Shereen Abdulrahman Abulhassan I was an extremely fortunate child, born to parents who moved to Alkhobar as it was a developing city set to be a model across the Kingdom. I was lucky to grow up in an environment that encouraged learning and growth, and which allowed a child’s personality to develop, regardless of gender.
My parents never discriminated between their daughters and sons, even when customs and traditions limited women in the Kingdom and elsewhere. We were all allowed to practice our hobbies and pursue our passions with encouragement. My late mother was an avid reader, and my father continues to be a keen sportsman.
I went to Switzerland just after high school.
My parents sent me to study at the Institut Villa Pierrefeu, a school of etiquette, for one year.
After attending that Swiss finishing school, I received my bachelor’s in English literature from the University of Dammam, I got married and had five children, a daughter and four sons.
For 20 years, I’ve devoted myself to raising my children until they grew self-reliant. A new stage was about to begin.
Taking up from my mother, I was an avid reader for years so I founded the Tent Book Club in 2011. After sending my children off to college, I entered a new phase in my life: Exploring the world and its coexistence of cultures that I had read about for years.
In 2016, I set off on a journey to climb Mount Kilimanjaro in northeast Tanzania. I found myself in a beautiful world where I could exercise in nature, by climbing to the peak of mountains.
In November 2017, I decided to establish the Rawasi Hiking Team. I was encouraged by the changes that were happening, and continue to be taking place in Saudi society for women. I formed a team, expecting that there would not be more than 20-25 people interested. We were largely targeting women, but to my surprise, in one month, 170 members from both genders joined, traveling twice a month to various areas around Riyadh, once every two months to a heritage site in the Kingdom and for two summers in a row, we traveled to Russia and Japan with funding from prominent female sponsors.
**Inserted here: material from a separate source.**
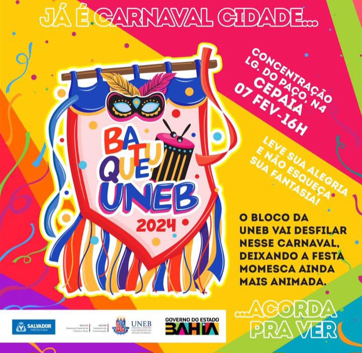 O evento, realizado pelas Assessorias Especial de Cultura e Artes (Ascult) e de Comunicação (Ascom) da Uneb, tem o apoio da Prefeitura Municipal de Salvador e do Governo da Bahia. Vista a sua fantasia e venha ver o bloco da universidade de toda a Bahia desfilar a sua alegria no maior carnaval do mundo.

I was supported by my amazing husband, Abdullah Alamri, who was beside me every step of the way, encouraging and supporting me with every decision I made.
I challenge myself every time I set out, I want to reach the summit by any means.
On my first trip to Kilimanjaro, I was struck with anxiety and fear after enduring freezing temperatures, I fell behind and was left alone with my guide. After checking my vitals and oxygen rate, he cleared me and helped me continue forward. I pushed on, until reaching the summit at sunrise. I felt a sudden strength channelled by my late mother, who was suffering from Alzheimer’s at the time, I stood and admired the strength that pushed me toward the peak. My mother, a source of power, a strong woman who moved to a new city not knowing anyone until with time, became one of the most prominent women in the Eastern Province, loved and respected by all.
Strength derived from success on the peaks has helped me overcome all my fears, as the American author Ruth Gendler once said: “Fear has a big shadow but it is small in size.”
Dreams are limitless, whether you’re on top of a high mountain or on an arduous adventure, a mantra I encourage my friends and teammates to follow.